23 June 2016 - The town of Bama has been accessible to humanitarian assistance since March 2016 and UNICEF, working with our partners on the ground, has been working in Bama since then, primarily in the IDP camp in the town that houses approximately 25,000 people who have been displaced by the conflict. Of these, 15,000 are children.
We have provided health and nutrition support for approximately 19,000 people and since May, UNICEF and the Borno State Primary Health Care Development Agency have had a permanent primary health care presence in Bama. We are seeing an average of 140 outpatients a day: providing treatment primarily for malaria, respiratory infections and diarrhoea; screening for malnutrition and treating severely malnourished children, as well as providing Vitamin A, micronutrient supplements and deworming tablets.
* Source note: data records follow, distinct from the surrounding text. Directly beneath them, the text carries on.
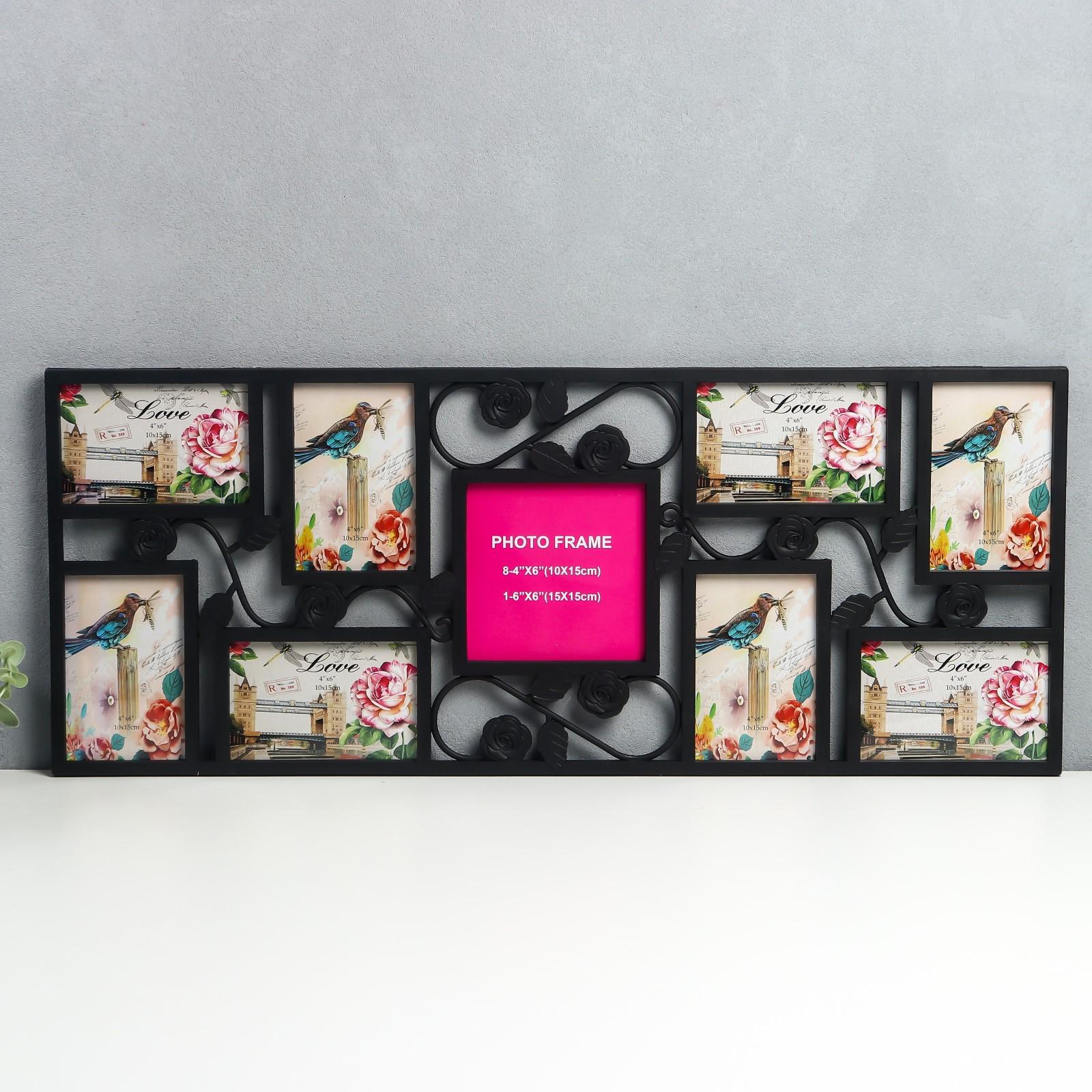 Фоторамка на 9 фото 10х15 см 15х15см "Розы" чёрная 76х30 см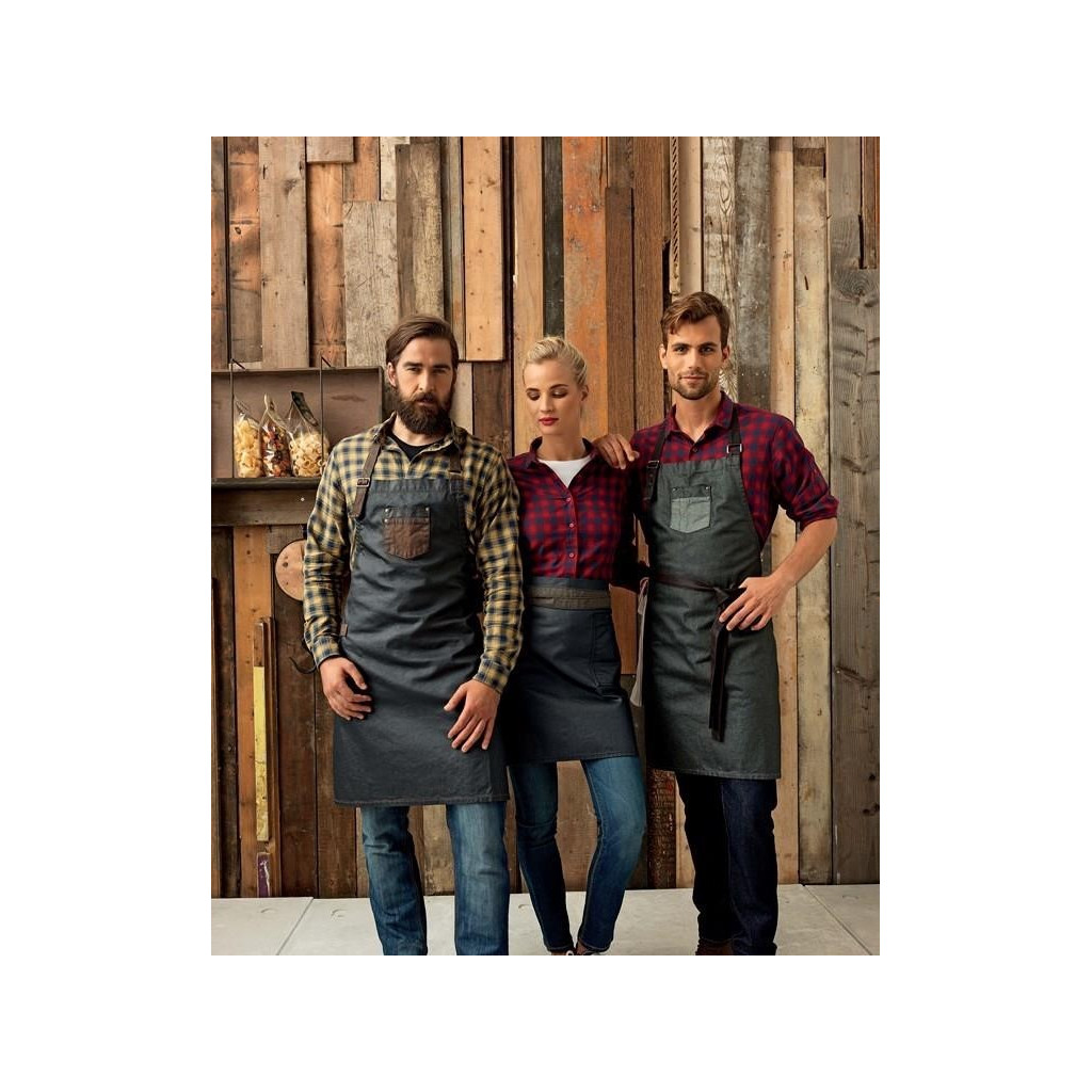 Tablier personnalisable en 100% coton denim avec une finition acrylique "effet huilé" longue durée, marque Premier.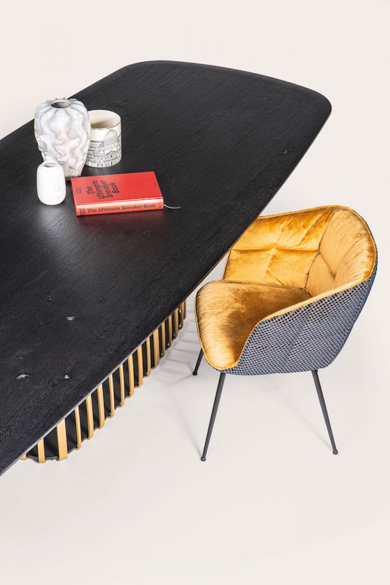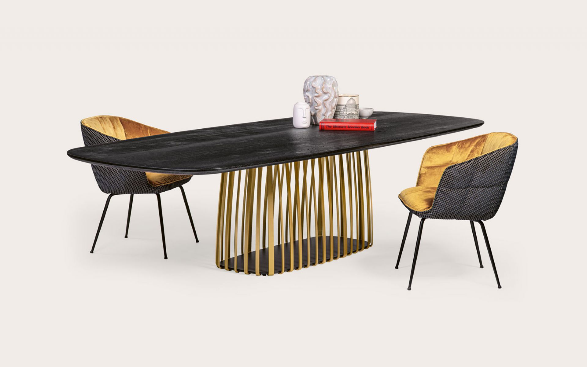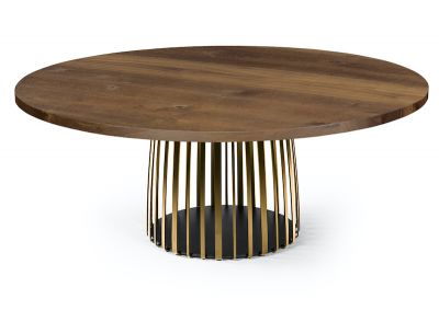 Das elegante Gestell – mit seiner markanten Korbform namensgebend für das Tischdesign – ist aus schwarz pulverbeschichtetem Stahl gefertigt. Bei der Variante mit Eichenholz können Sie das Gestell außerdem in eloxiertem, messingfarbenem Aluminium bestellen.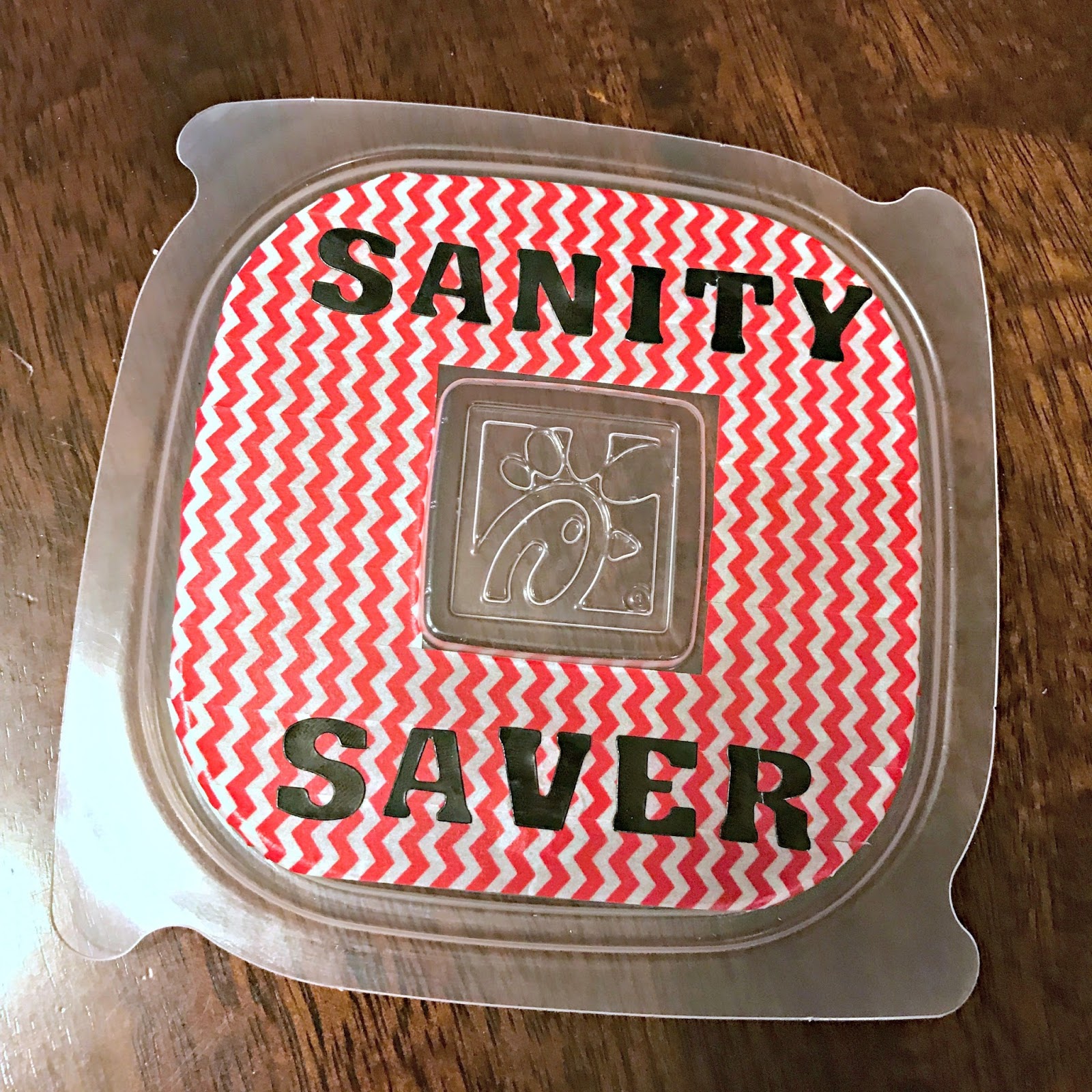 Next I used some old scrapbooking stickers to add the words “Sanity Saver”. In hindsight, I would have rather used my Silhouette to make vinyl words that were a bit prettier, but I was doing this quickly and grabbed what I had.

Most recent data available from the team on the ground, which does not have regular means of communication, show that during the period 3 April – 31 May 2016, 323 children were admitted for treatment for Severe Acute Malnutrition – an average of 6 new cases per day.
We have repaired and upgraded five boreholes in Bama, providing 10-12 litres of water per day per person in the IDP camp. In the following days, construction work is due to begin on 150 latrines. We have also identified three thousand children who have become separated from their families and have started to register children with the aim of trying to trace their families.